Simulated Author's Rebuttal

2 responses · 0 unresolved

We thank the referee for the detailed and constructive feedback on our paper. We address each of the major comments below and have made revisions to strengthen the manuscript accordingly.

read point-by-point responses
  1. Referee: [§3.2] §3.2 (visual loss and gradient computation): the claim that pixel/feature distance gradients reliably point toward the kinematically correct configuration is load-bearing for the entire method, yet the manuscript provides no analysis of the loss landscape or ablations on background/lighting mismatch; the skeptic concern that visually similar but distant poses can produce misleading gradients is not directly addressed.

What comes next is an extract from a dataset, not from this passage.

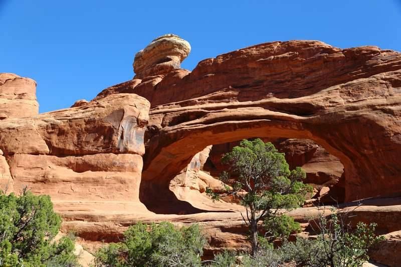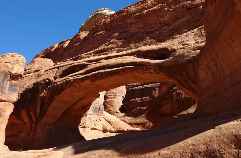 Nous arrivons au campground, une pancarte annonce "full", nous entrons tout de même et allons jusqu'au bout, les "host" sont sur leur petite voiture électrique, ils font le tour, nous voyons un poteau sans écriteau, nous entrons sur le site et Françoise va voir les "host" qui lui dise que la place est libre pour deux nuits mais qu'elle est louée pour les jours après, chouette, nous prenons les deux nuits, quelle chance car c'est la seule de libre. Une fois payé nous repartons vers notre balade du jour à savoir prendre la Salt Valley et aller jusque Klondike Bluffs puis marcher jusque Tower Arch distante de six kilomètres A/R depuis le parking. La piste qui n'est pas difficile par temps sec est tout de même pénible car elle est entièrement en "tôle ondulée" et ça je n'aime pas du tout. Le départ du sentier est très raide mais nous avons la vue sur les Klondike Bluffs et c'est très beau. Nous arrivons vite sur un col et de là descente presque en courant avant de nous trouver sur une dune de sable qu'il va falloir monter, là c'est pénible mais cela ne dure pas trop longtemps. Encore quelques centaines de mètres et nous voici au pied de l'arche, magnifique dans le soleil, il y a un autre couple qui fait des photos. nous allons rester là une bonne demi-heure et faire le chemin inverse qui va nous reconduire au parking un peu avant treize heures. Il fait très chaud surtout pour marcher, nous retournons nous poser au campground et en soirée nous partirons faire deux autres arches toujours à pied pour profiter du coucher de soleil, quelle belle journée.
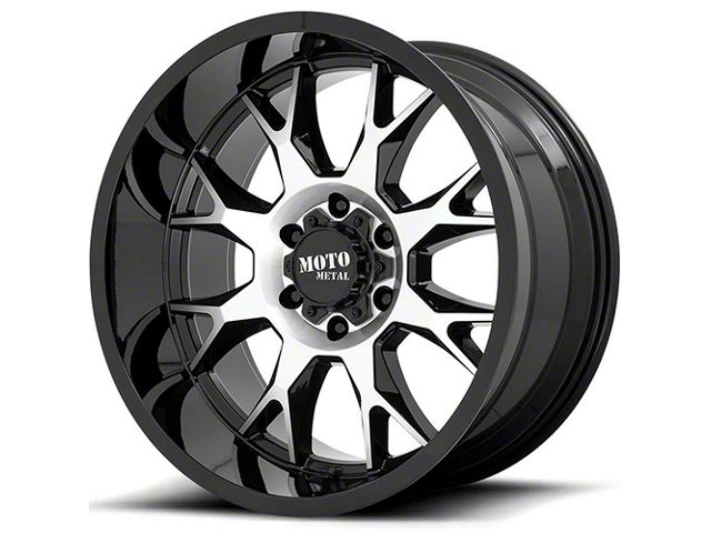 Moto Metal MO806 Gloss Black Machined 6-Lug Wheel; 22x12; -44mm Offset - This wheel's elegant design will certainly enhance your vehicle's aesthetic, complementing its luxury and performance. The unique styling of this wheel makes it an ideal choice for a standout quality of your ride, reflecting the premium quality associated with the Moto Metal brand.

    Authors: We agree that a thorough analysis of the loss landscape is important for validating the core assumption. In the revised manuscript, we have added a new subsection in Section 3 that provides an analysis of the visual loss landscape, including visualizations of gradient directions under different conditions. We also include ablations on background and lighting variations, demonstrating that while mismatches can occur, the combination of RRT exploration and our frontier heuristic effectively avoids regions with misleading gradients. For the concern regarding visually similar but distant poses, we show through additional experiments that the inertial propagation of optimizer states helps maintain momentum toward the correct configuration, reducing the impact of such local minima. revision: yes

  2. Referee: [§4.3] §4.3 (real-world experiments): success rates are reported without quantitative measurement of rendering-to-reality gap (e.g., pixel error under the actual camera calibration and lighting), so it is unclear whether the inertial and frontier heuristics compensate for or are undermined by systematic gradient bias.

    Authors: We appreciate this point and acknowledge that quantifying the rendering-to-reality gap would enhance the clarity of our real-world results. In the updated Section 4.3, we have included quantitative measurements of pixel errors between rendered and real images under the actual experimental conditions. These measurements indicate a moderate gap, but our results show that the frontier-based exploration-exploitation strategy and inertial gradient propagation successfully mitigate the effects of any systematic bias, leading to the reported high success rates. We discuss the implications in the revised text. revision: yes

Circularity Check

0 steps flagged

Derivation is self-contained with no circular reductions

full rationale

The vRRT planner unifies standard RRT sampling-based exploration with gradients obtained from differentiable rendering of the robot. The frontier-based exploration-exploitation strategy and inertial gradient tree expansion are presented as additional heuristics whose value is shown through simulation and real-robot experiments on Franka, UR5e, and Fetch platforms. No equations define a quantity in terms of itself, no fitted parameter is relabeled as a prediction, and no load-bearing premise rests on a self-citation chain that itself lacks independent verification. The central claim therefore remains an empirical combination of existing components rather than a tautological restatement of its inputs.

Axiom & Free-Parameter Ledger

0 free parameters · 0 axioms · 0 invented entities

Only the abstract is available, so free parameters, axioms, and invented entities cannot be enumerated from the full text. The method relies on prior differentiable rendering and RRT techniques.